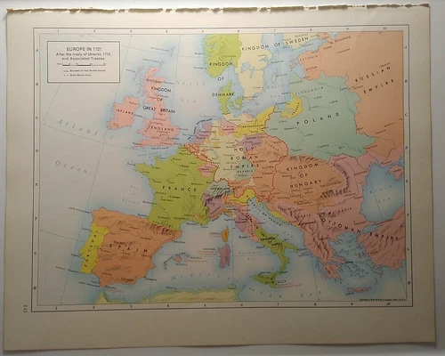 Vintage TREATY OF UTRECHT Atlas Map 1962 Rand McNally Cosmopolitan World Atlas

* * *

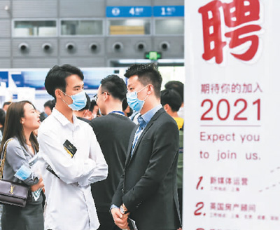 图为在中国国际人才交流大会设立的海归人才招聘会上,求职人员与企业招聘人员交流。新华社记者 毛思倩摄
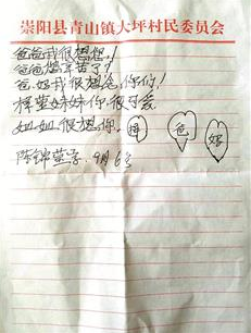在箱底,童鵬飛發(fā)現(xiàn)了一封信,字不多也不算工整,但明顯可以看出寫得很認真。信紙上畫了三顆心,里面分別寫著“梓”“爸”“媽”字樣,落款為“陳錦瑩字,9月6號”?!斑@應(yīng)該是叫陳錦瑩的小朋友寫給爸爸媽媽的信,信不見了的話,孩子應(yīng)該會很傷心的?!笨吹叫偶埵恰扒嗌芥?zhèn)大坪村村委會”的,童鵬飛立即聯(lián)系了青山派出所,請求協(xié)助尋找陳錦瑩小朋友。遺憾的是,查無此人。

= Task =
The line holding "图为在中国国际人才交流大会设" starts the copy and the line holding "在箱底,童鵬飛發(fā)現(xiàn)了" ends it. Repeat those two lines above and all between them exactly, leaving out pictures.

= Answer to the problem =
 图为在中国国际人才交流大会设立的海归人才招聘会上,求职人员与企业招聘人员交流。新华社记者 毛思倩摄
在箱底,童鵬飛發(fā)現(xiàn)了一封信,字不多也不算工整,但明顯可以看出寫得很認真。信紙上畫了三顆心,里面分別寫著“梓”“爸”“媽”字樣,落款為“陳錦瑩字,9月6號”?!斑@應(yīng)該是叫陳錦瑩的小朋友寫給爸爸媽媽的信,信不見了的話,孩子應(yīng)該會很傷心的?!笨吹叫偶埵恰扒嗌芥?zhèn)大坪村村委會”的,童鵬飛立即聯(lián)系了青山派出所,請求協(xié)助尋找陳錦瑩小朋友。遺憾的是,查無此人。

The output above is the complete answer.